Она достала из кармана пальто обрывок синей ленты. Жесткий, колючий кусочек ткани. Единственное доказательство того, что правда вообще когда-то существовала. Она сжала его в кулаке так, что ногти впились в ладонь.
За окном, в грязном дворе, зашевелились тени. Или ей только показалось?
Глава 2. Прием по понятиям
Сон не приходил. Он давно уже был роскошью. Виталина провела ночь в кресле у треснутого окна, спиной к стене, Макаров на коленях, прикрытый складкой пальто. Каждый шорох во дворе – ветер гонит банку, скрип старых ворот – заставлял пальцы непроизвольно сжиматься на рукояти. Тени за окном плясали в такт редким проблескам луны, скрытой плотной пеленой облаков. Камень, мрачный и немой, лежал на подоконнике, как обвинение. Добро пожаловать.
Утро не принесло света. Серое, тяжелое, оно вползло в комнату сквозь разбитое стекло, усиливая ощущение безнадежной сырости и холода. Виталина встала, ощущая каждую мышцу, каждый старый шрам и новую, душевную усталость. Разбитое окно нужно было заколотить. Но сначала – явка. Надо было представиться новому начальству. Надо было вписаться в систему, которую она ненавидела и от которой теперь зависела.
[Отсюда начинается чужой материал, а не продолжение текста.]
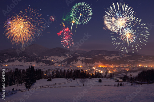 Obraz premium fireworks at mountain landscape. view of holiday city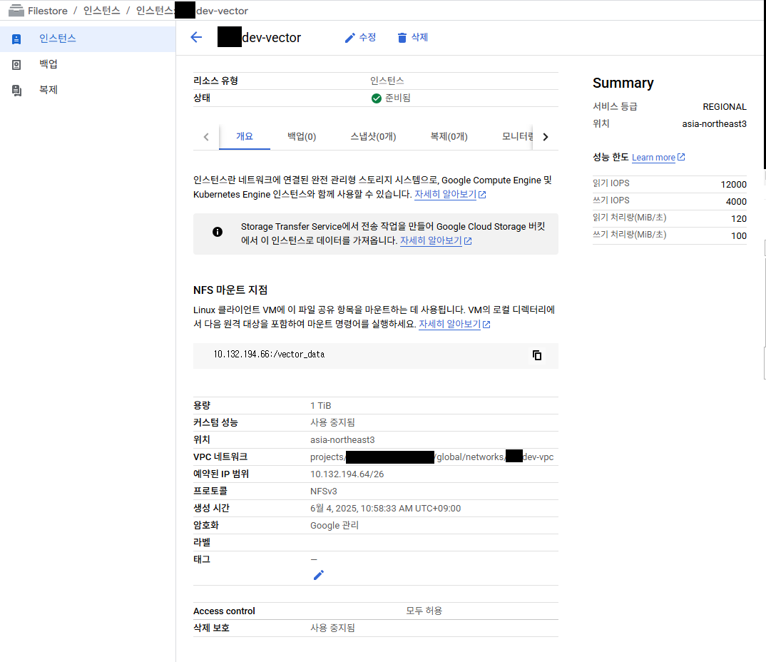 예) 10.132.194.66:/vector_data (해당 인스턴스는 이미 삭제 되었습니다)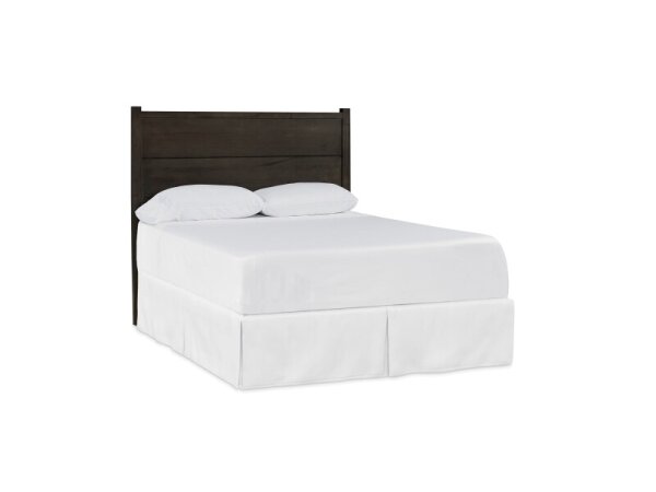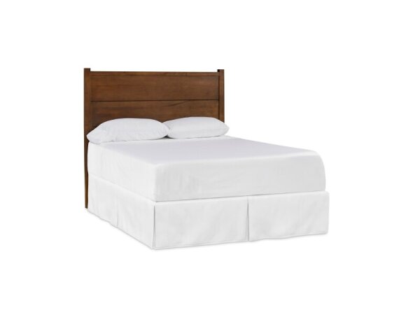 California king panel bed in a Classic Walnut finish over figured cathedral walnut veneers with tapered legs, including headboard, footboard, and rails. Headboard may be used alone for versatility.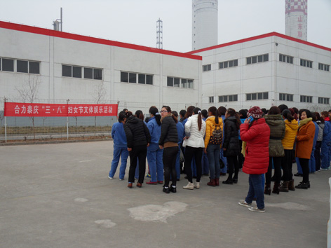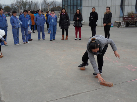 在“三八”国际妇女节到来之际,为丰富节日期间广大女职工的业余文化生活,活跃节日气氛,展现女职工爱岗敬业、健康向上的精神面貌,公司于3月8日上午在办公楼前举办了文体娱乐活动,子公司新泰公司也同时举办了相关庆祝活动,总公司活动现场设置了趣味保龄球、定点套圈、沙包投准、摸石过河等四个项目,共9个代表队68名选手参加了比赛。新泰公司共5个代表队45名参赛选手参加了“ 双脚跳远” “脚扔沙包”及“趣味保龄球”三个项目的比赛,比赛结束后,对获奖人员进行了现场颁奖。(图为比赛现场)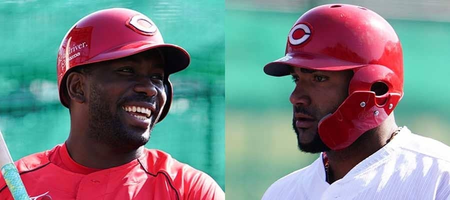 広島のホセ・ピレラ(左)とアレハンドロ・メヒア【写真:荒川祐史】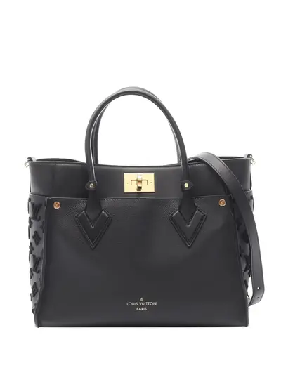 2010s black Monogram detail top handles detachable shoulder strap gold-tone hardware internal slip pocket Condition: GOOD. This previously owned and used item is in good condition with minimal signs of use. This may include fading of material or plating and scratches.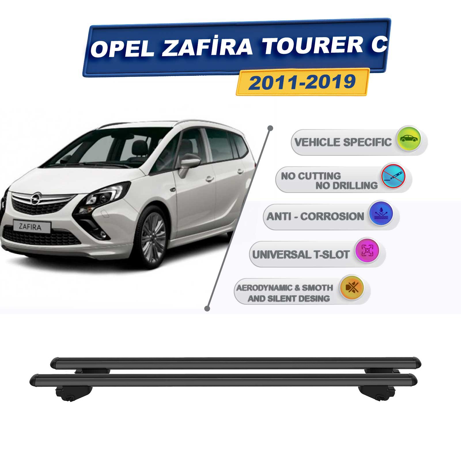 Opel Zafira C Tourer 2011-2019 ile Uyumlu Ara Atkı Taşıyıcı Tavan Barı 2 adet Siyah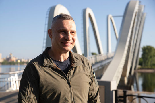 У 2024 р. Київ отримав сучасну архiтектурну перлину Мер Києва Вiталiй Кличко розповiв, як будували пiшохiдний мiст, що з'єднав Оболонську набережну з островом Оболонським. Вiдкрили його для вiдвiдування цього року. А також оприлюднив у соцмережах вiдео про те, як створювали нову зону вiдпочинку в столицi.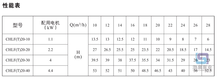 產品介紹 CHLF20-40LSWSC輕型臥式多級離心泵配加長軸電機采用了免修機械密封,緊湊式結構使泵尺寸很小,軸向入口和徑向出口。輕型段式多級離心泵的過流部件均采用不銹鋼材料(304或316)制成,輕型不銹鋼多級離心泵具有低噪音,耐輕腐蝕,外形美觀、體積小、重量輕、使用壽命長等特點,不同材質的硬質合金密封,保證了不同介質輸送均無泄漏;噪音低:兩個低噪音軸承下的水泵,運轉平穩,除電機微弱聲響,基本無噪聲;故障率低:結構簡單合理,整機無故障工作時間大大提高。采用國內優秀水力模型優化設計而成,是理想的新一代高效節能輕型臥式多級離心泵。采用了免修機械密封。輕型段式多級離心泵的過流部件均采用不銹鋼材料(304或316)制成,具有低噪音,耐輕腐蝕,外形美觀、體積小、重量輕、使用壽命長等特點。 二、應用范圍: 主要用于家庭型中央空調循環及工業上液體的傳輸。如脫礦物質水、軟水、凈化系統、輕油等的循環和增壓。 1)小型中央空調循環 2)冷卻系統 3)工業清洗 4)水處理(水的凈化) 5)水產養殖 6)施肥/計量系統 7)環境應用 三、工作條件: 稀薄、干凈、不凝、不爆炸、不含固體顆粒或纖維的液體。 液體溫度: 常溫型-15℃至+70℃ 熱水型+70℃至+110℃ 最大環境溫度:+40℃ 最大運作壓力:10巴 最大進口壓力受最大運作壓力限制 介質酸堿性:PH4~9 四、輸送液體: 1、稀薄、清潔、不含固體顆粒或纖維的非易燃易爆液體。 2、泵可以輸送諸如礦泉水、軟化水、純水、清油和其它輕化工介質。 3、當輸送液體的密度或粘度大于水,如需要,必須配用大功率電機。 4、泵是否適用于某一特定液體由多種因素決定,其中最重要的是氯含量、PH值、溫度和溶濟、油的含量等。 五、曲線條件: 下述條件適用于后面所示性能曲線。 1、所有曲線都基于電機在恒速2900rpm的測量值。 2、曲線容差符合ISO9906,附錄A。 3、測試采用20℃不含空氣的水,運動粘度為1mm2/s。 4、泵的使用參照加粗曲線的性能范圍,以防流量過小產生過熱和流量過大使電機過載等。 六、電機: 電機為全封閉,風冷式二極電機 防護等級:IP55 絕緣等級:F 標準電壓, 50Hz: 1×220-240V 3×220-240V 380-415V ![]() 因產品生產批次、型號不同,產品圖片及安裝尺寸僅供參考,詳情可聯系我們的銷售人員了解更多CHLF20-40LSWSC輕型臥式多級離心泵相關信息!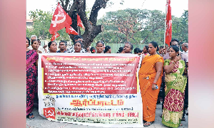 The protest was organised by the Tamil Nadu Rural Development Labour Union (TNRDLU).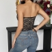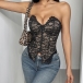 Fashion Strapless Lace Irregular Hemline Corset Crop Top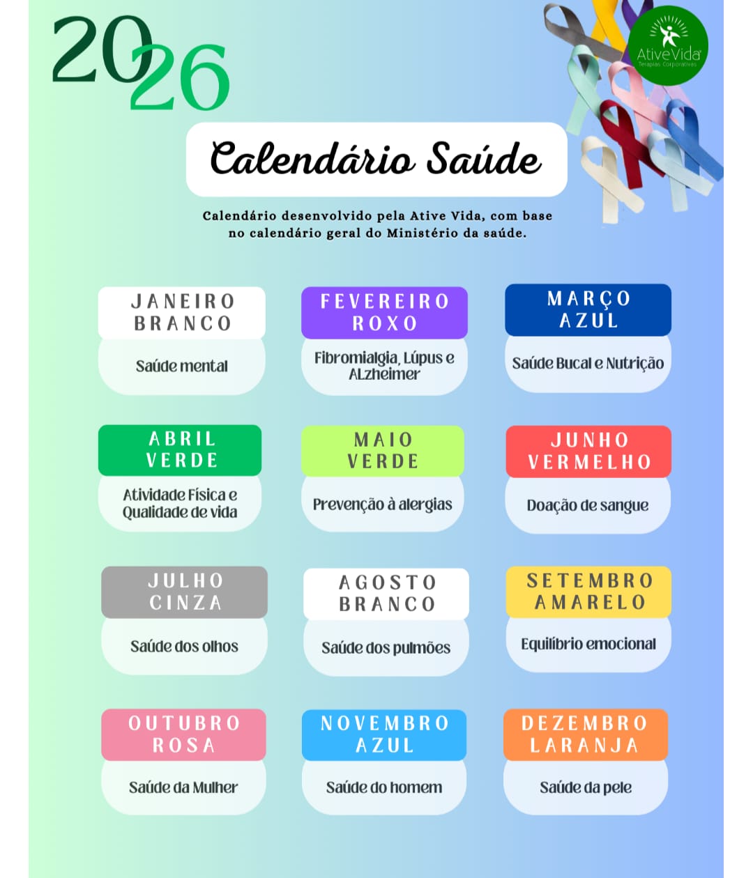 Pegamos "emprestado" este calendário da ATIVE VIDA, para elencar que todo mês, há uma campanha, visando conscientizar e trabalhar preventivamente para as desafiadoras doenças existentes, com intuito de que possamos organizar nossas rotinas e buscar ajuda nas atividades e opções mais naturais visando burlá-las.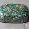 A hand-painted Kashmiri papier-mâché curved box measuring 7×4 inches, featuring vivid floral art and charming hoopoe and sparrow motifs. Finished in a golden-green base with purple blossoms, this collectible piece blends Mughal elegance with traditional craftsmanship — perfect for home décor or gifting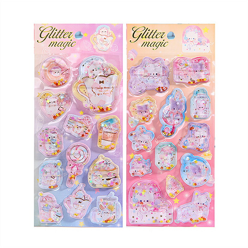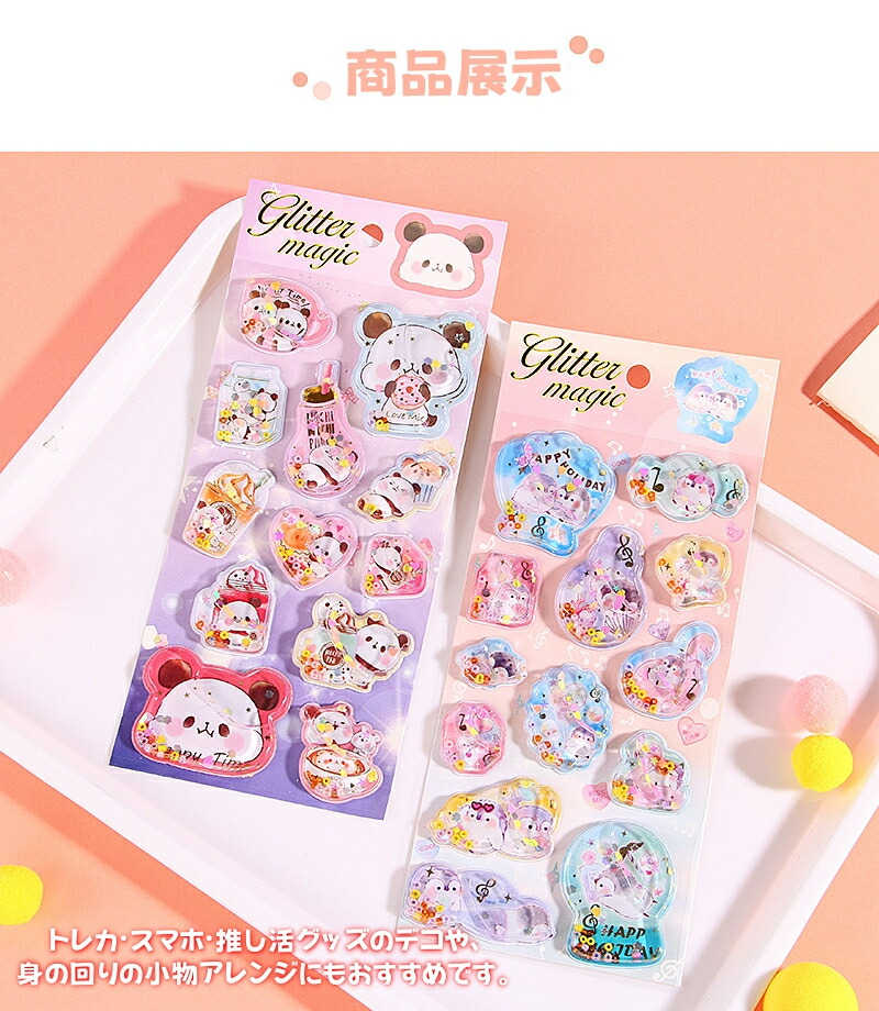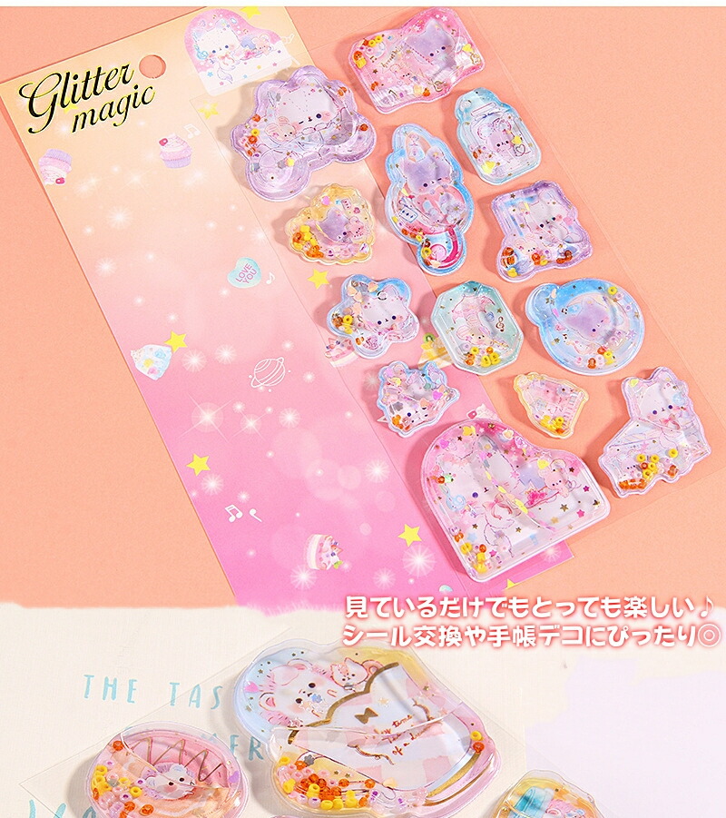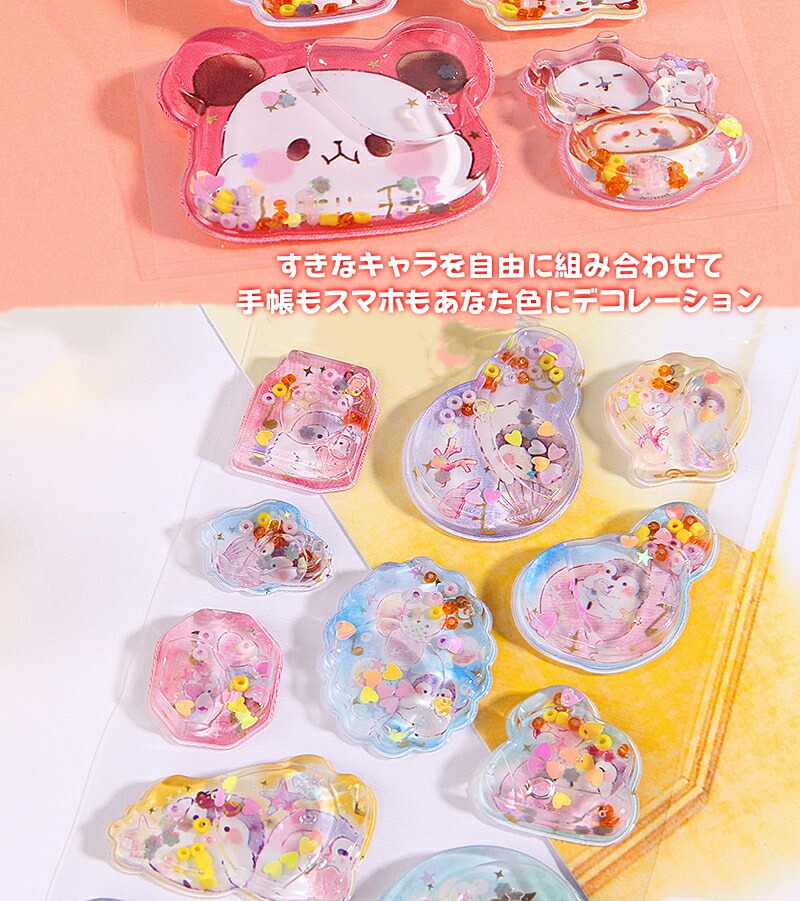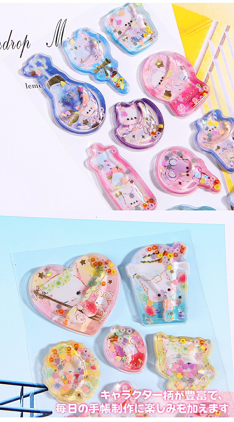 ウォーターシール ぷっくりシール ぷくぷくシール ドロップシール キャラクター 3D 立体シール 平成レトロ ドロップ ぷっくり つやつや キラキラ かわいい 動物 女の子 平成女子 シール ぷくぷく
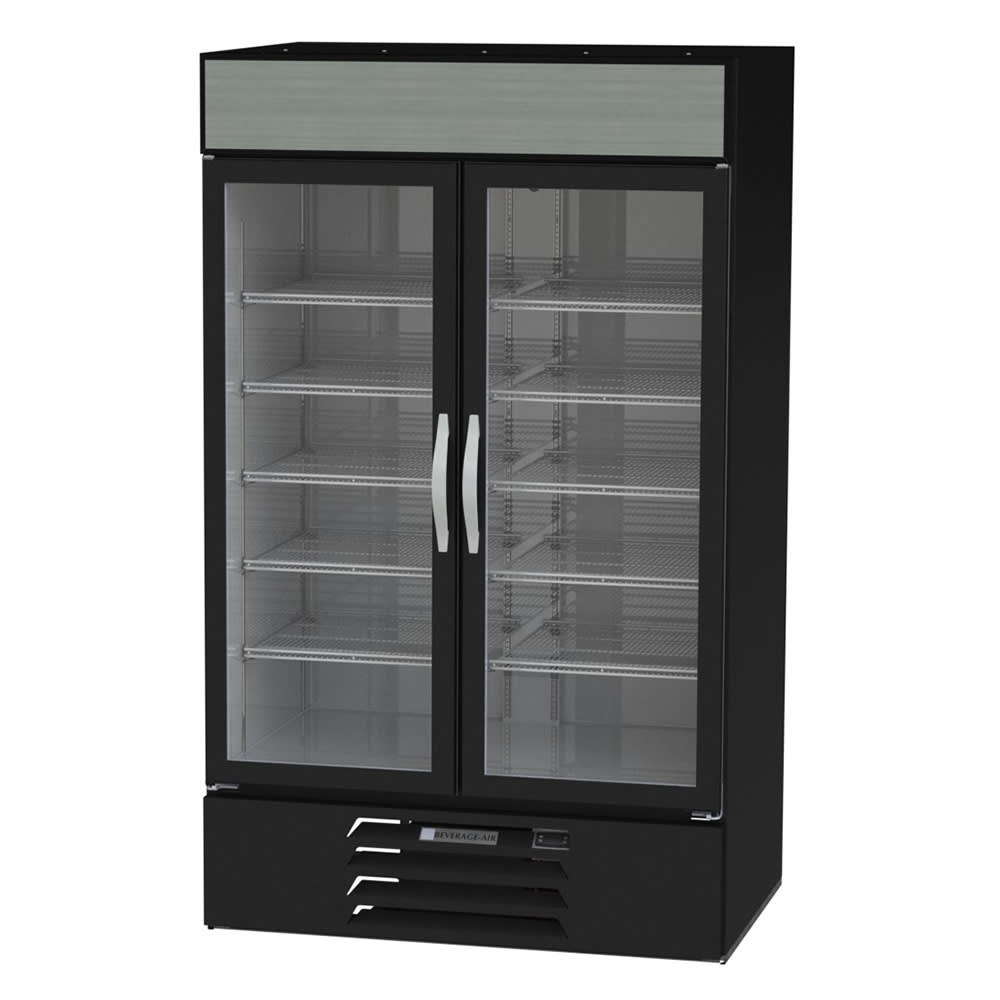 Using environmentally friendly R290 refrigerant, the Beverage Air MMF44HC-1-B MarketMax two-section freezer effectively maintains temperatures at or lower than 0 degrees Fahrenheit. It features two sections, each with five steel shelves coated in corrosion-resistant epoxy.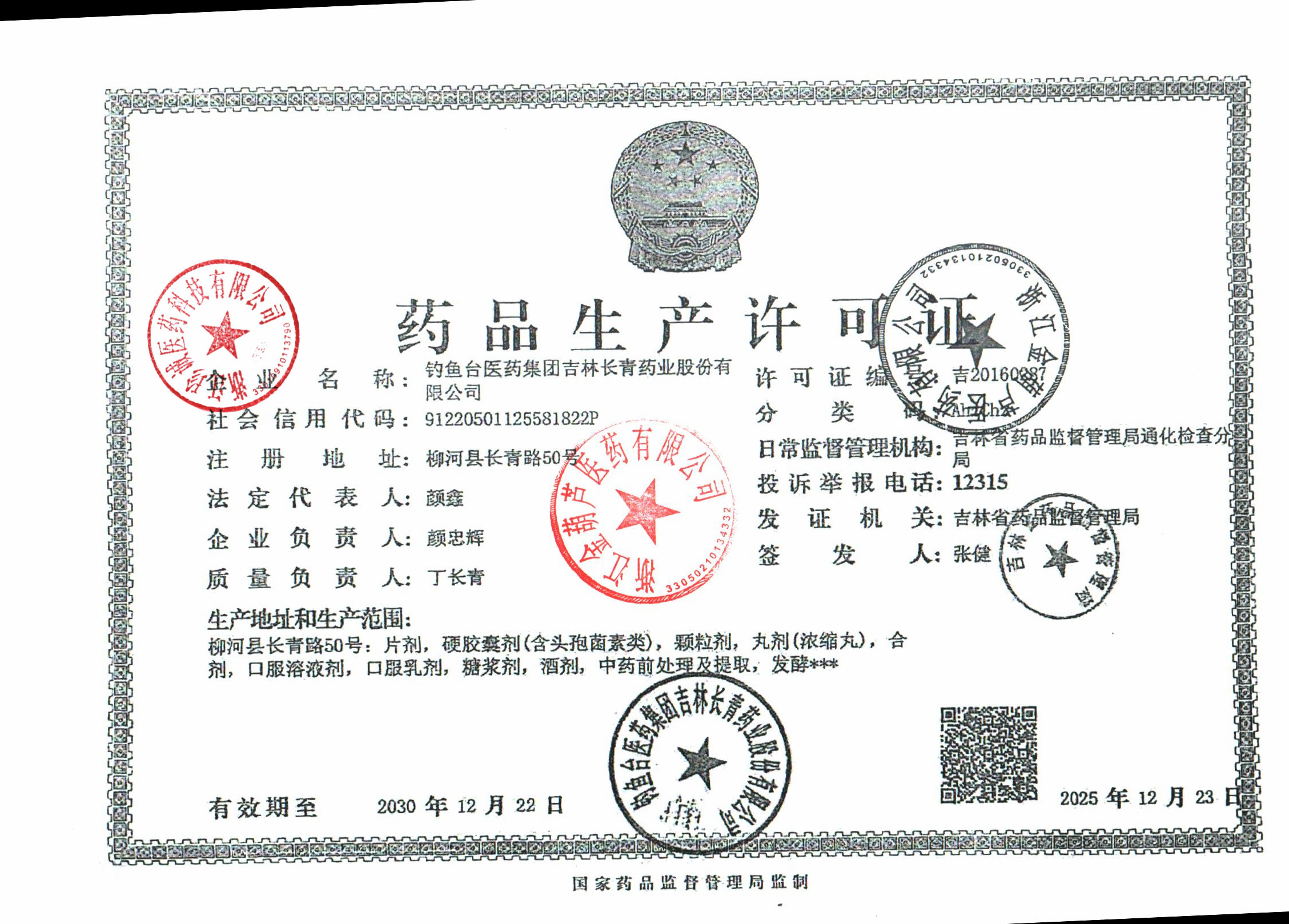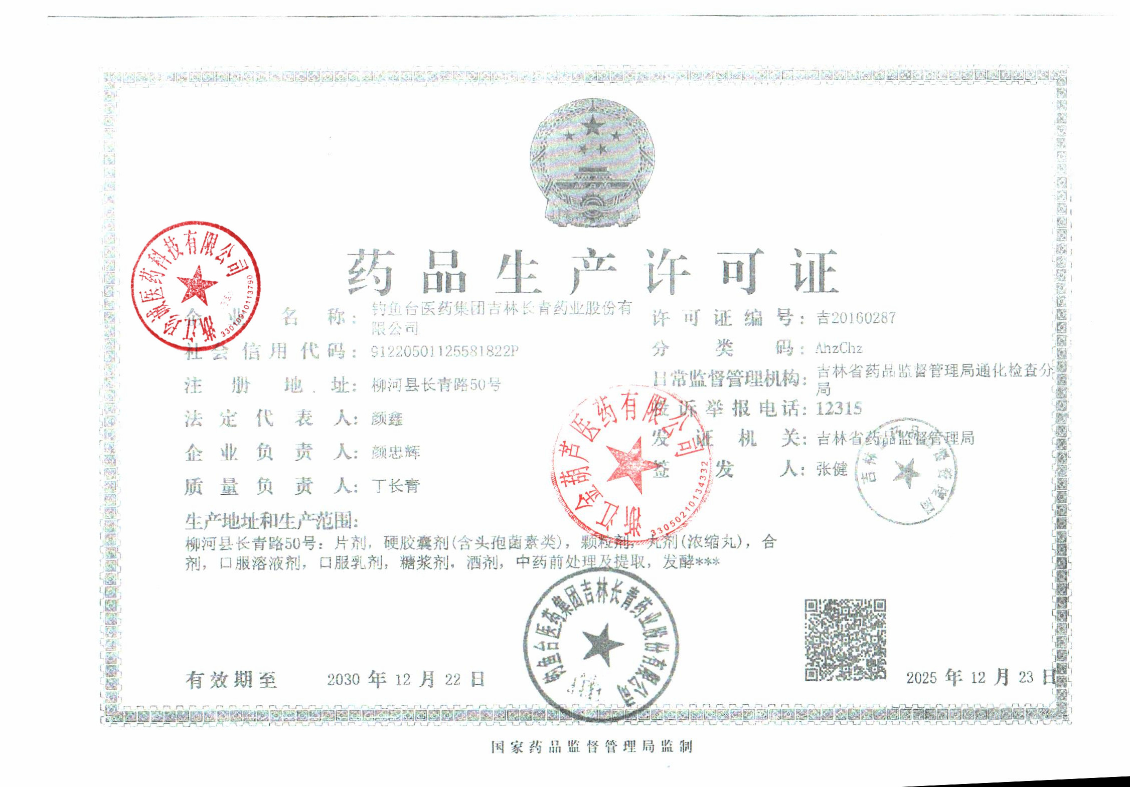 钓鱼台医药集团吉林长青药业股份有限公司

Она надела темный, строгий костюм – свою броню. Пистолет, разобранный и почищенный еще в поезде, лег в кобуру у пояса. Тяжелый, знакомый вес. Обрывок синей ленты она на секунду прижала к губам – ритуал, напоминание – и сунула во внутренний карман пиджака, рядом с удостоверением. За Соколову. За Геру. За всех, кого сожрала эта машина.
Дорога до здания МВД была недолгой, пешей. Моторск представал во всей своей унылой красе. Лужи на асфальте, редкие прохожие, не спешащие и не улыбающиеся. Запах гари и металла усиливался по мере приближения к промзоне. Само здание МВД – типичная бетонная коробка совдеповской эпохи, выкрашенная когда-то в грязно-голубой, теперь облезлая до серости. Забор с колючей проволокой, будка с зевающим автоматчиком. Ощущение не столько охраны, сколько обособленности. Крепость местных князьков.
Внутри пахло дешевым табаком, пылью, тушью для копирок и какой-то затхлостью. Полы линолеума потерты до дыр. На стенах – поблекшие лозунги о бдительности и портреты начальства. Молодой сержант за «дежуркой» лениво ковырял в зубах зубочисткой, уставившись в экран древнего монитора.
– Виталина Григорьева. Следователь. Прибыла к новому месту службы. К начальнику, – отчеканила Виталина, положив удостоверение на стойку.
Сержант медленно перевел на нее взгляд, оценивающе скользнув от лица до туфель. Взгляд был тусклым, лишенным интереса.
– Григорьева… – протянул он, покопавшись в бумагах на столе. – Ага. Из Лесняково. – Произнес название с легкой усмешкой, будто это было имя болезни. – Подождите. Доложу.
Он лениво поднял трубку телефона, буркнул что-то невнятное. Повесил.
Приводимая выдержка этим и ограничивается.